Data provided:
==========

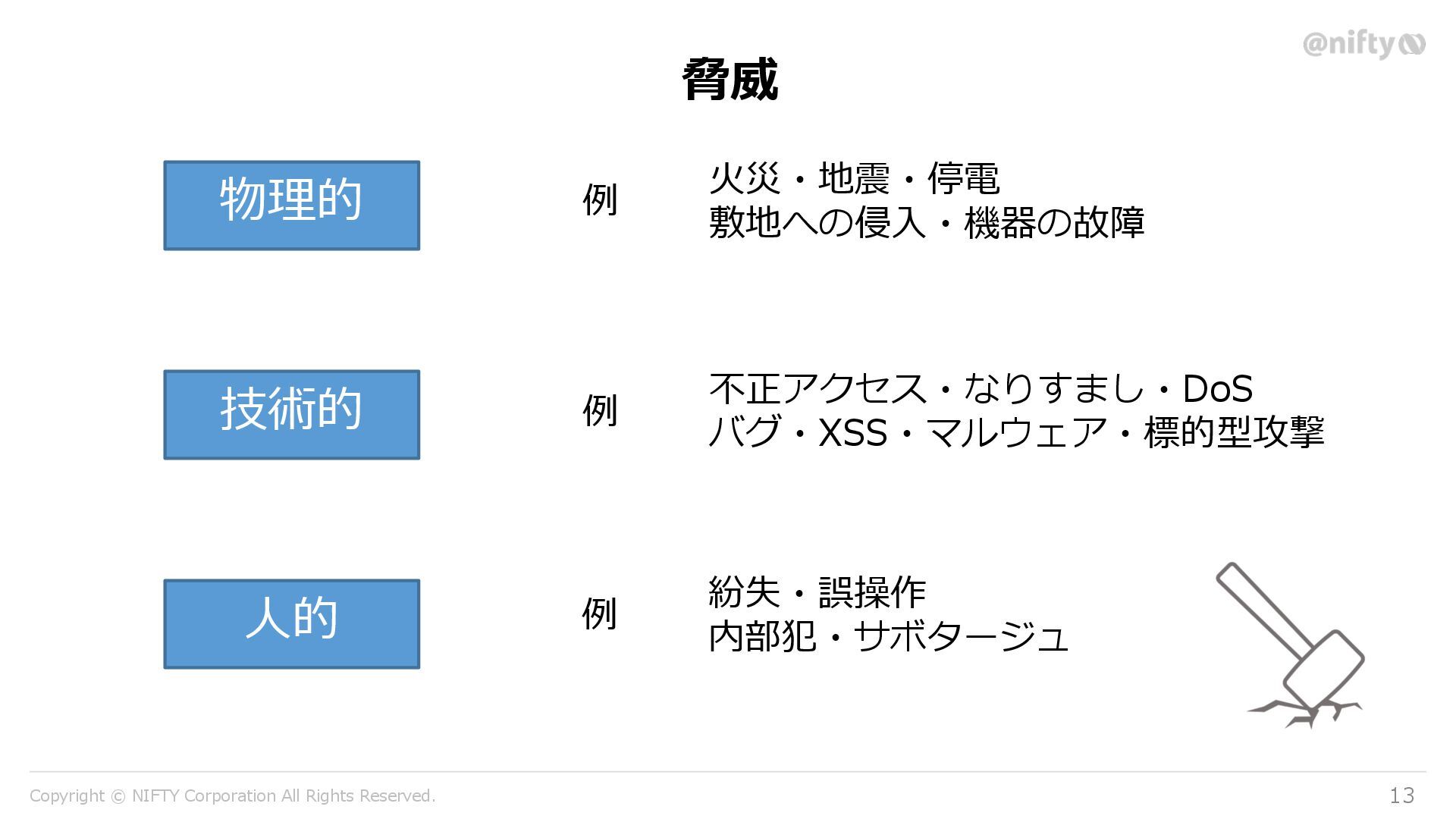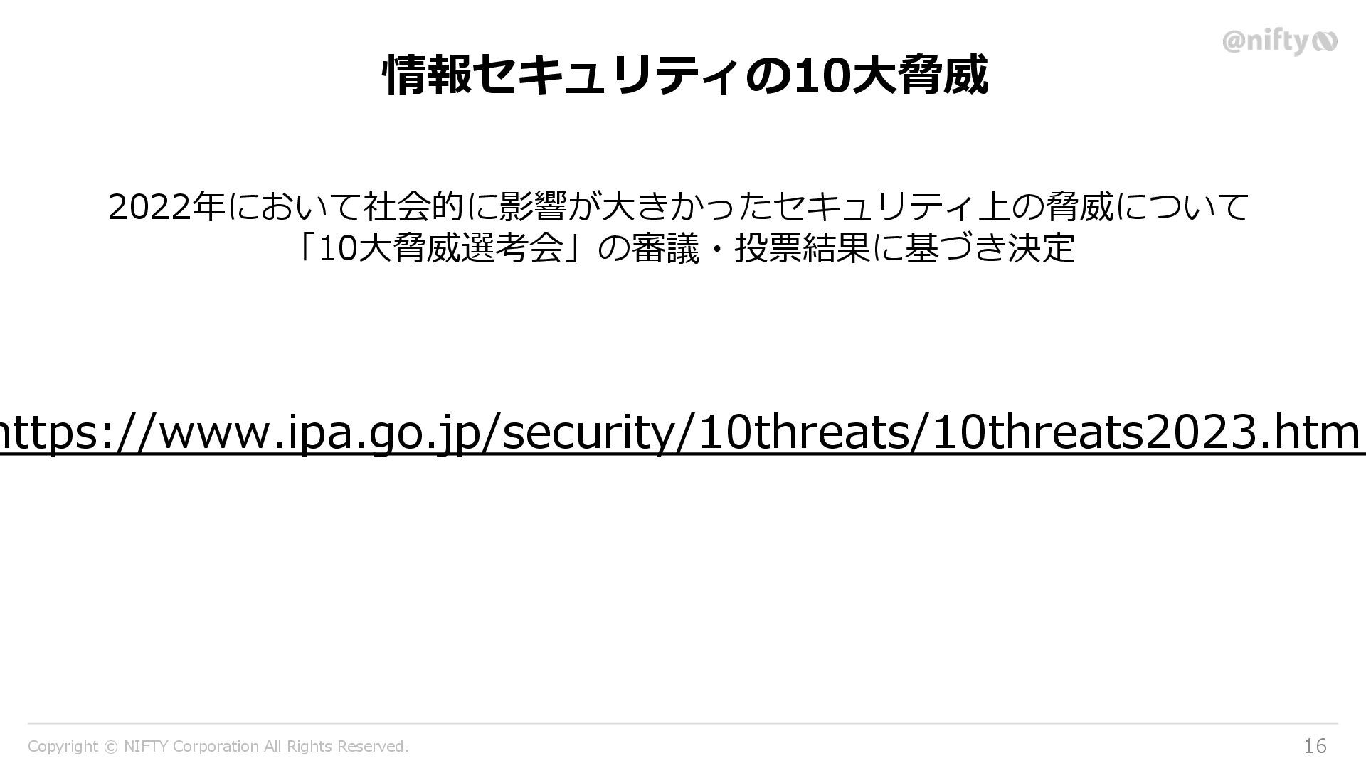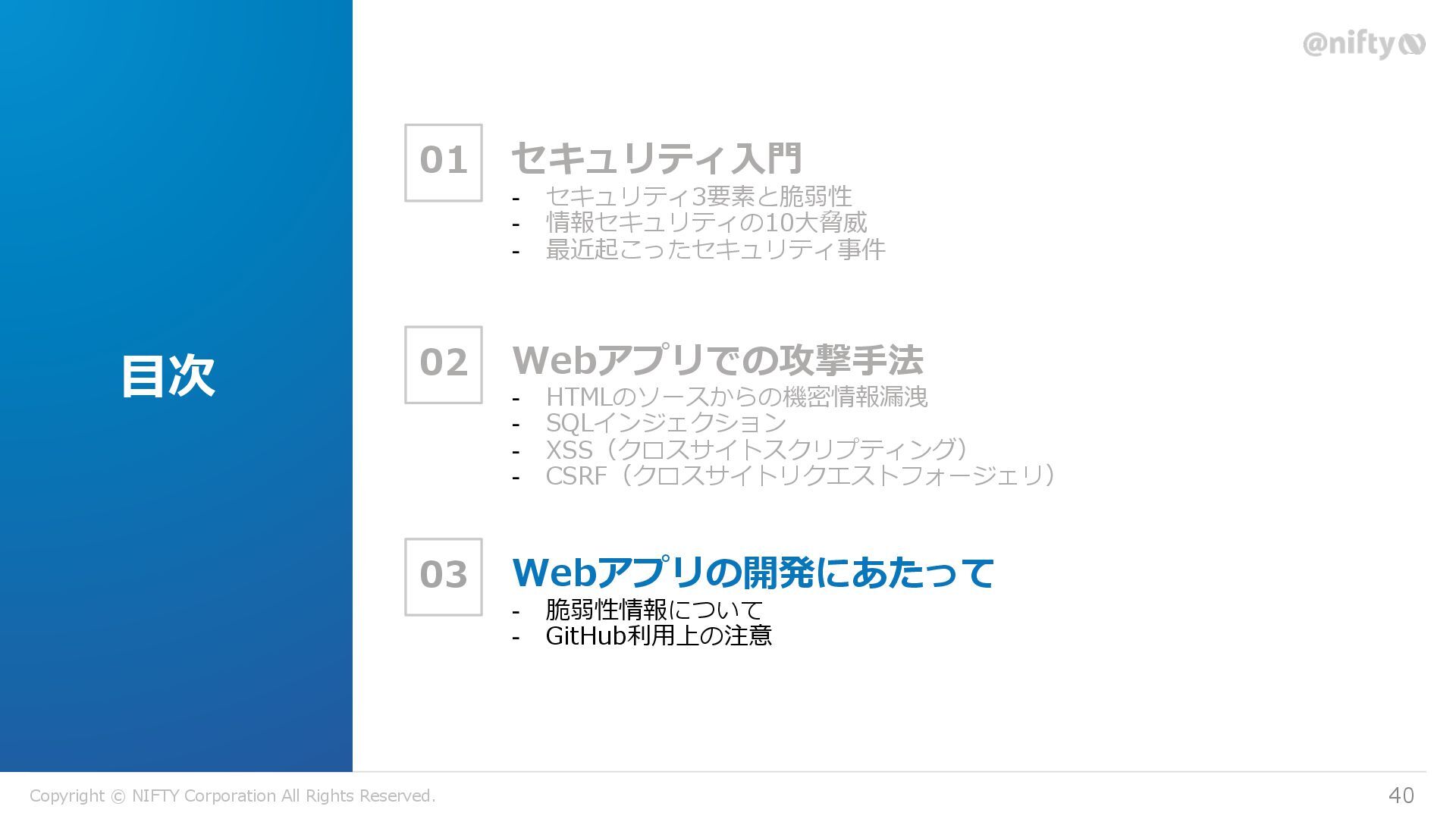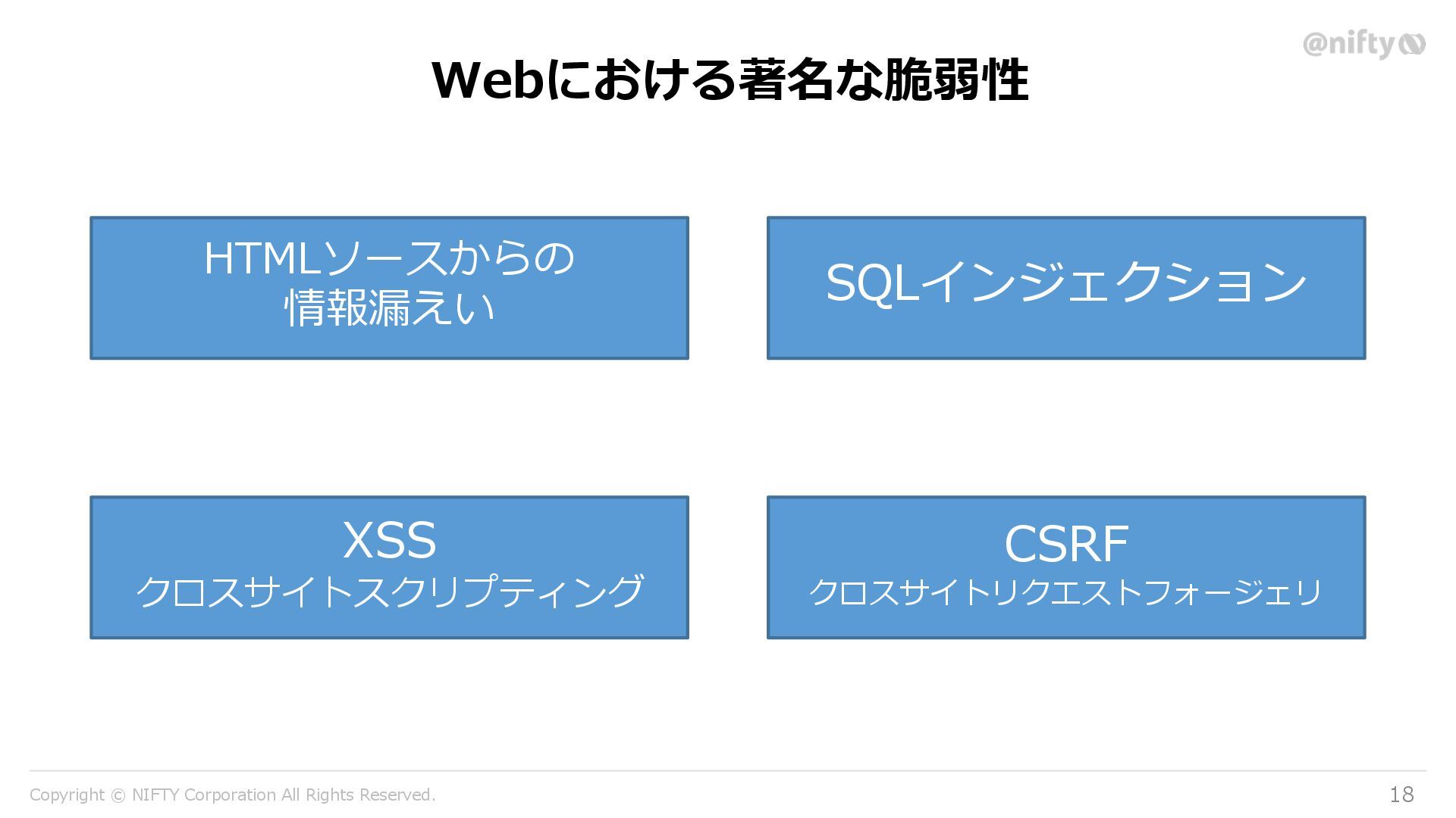 ⼊⼒欄へ⼊⼒ ② ⼊⼒されたSQL⽂が 埋め込まれた クエリを発⾏ 脆弱性のある Webアプリ データベース 攻撃者 SQLインジェクション id = admin passwd = ʼ OR ʻtʼ = ʻt SELECT id FROM users WHERE id = 'admin' AND passwd = '' OR 't' = 't'
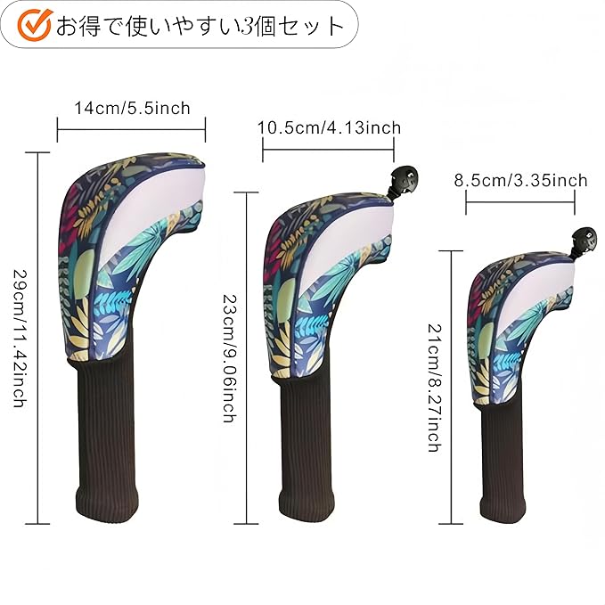 ゴルフヘッドカバー ゴルフクラブヘッドカバー 3点セット 軽量 防塵 耐摩耗 ヘッド保護カバー 440cc 460cc用 ドライバー フェアウェイウッド ユーティリティー ロングネック 変換ダグ付き (DR、FW、UT))
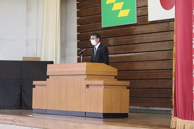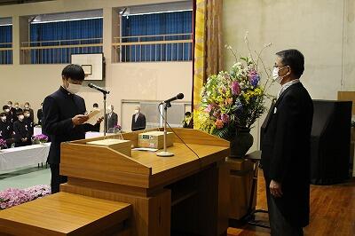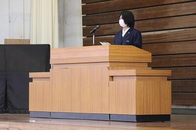 生徒代表挨拶を行う、生徒会の堀内さん。コロナの影響で一変した生活の中で感じた“当たり前”の大切さについて話しました。
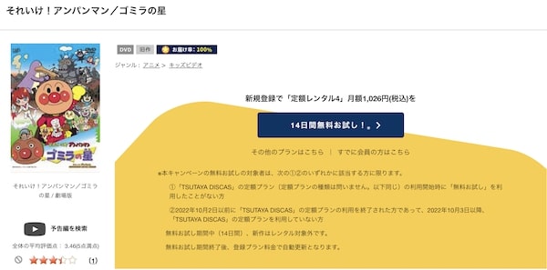 TSUTAYA DISCASで映画「それいけ!アンパンマン ゴミラの星」をDVDレンタルでフルで無料視聴

==========

Task description: From the first line to the last, copy the listing above exactly and leave out the images.

Reply to the task:
 ⼊⼒欄へ⼊⼒ ② ⼊⼒されたSQL⽂が 埋め込まれた クエリを発⾏ 脆弱性のある Webアプリ データベース 攻撃者 SQLインジェクション id = admin passwd = ʼ OR ʻtʼ = ʻt SELECT id FROM users WHERE id = 'admin' AND passwd = '' OR 't' = 't'
 ゴルフヘッドカバー ゴルフクラブヘッドカバー 3点セット 軽量 防塵 耐摩耗 ヘッド保護カバー 440cc 460cc用 ドライバー フェアウェイウッド ユーティリティー ロングネック 変換ダグ付き (DR、FW、UT))
 生徒代表挨拶を行う、生徒会の堀内さん。コロナの影響で一変した生活の中で感じた“当たり前”の大切さについて話しました。
 TSUTAYA DISCASで映画「それいけ!アンパンマン ゴミラの星」をDVDレンタルでフルで無料視聴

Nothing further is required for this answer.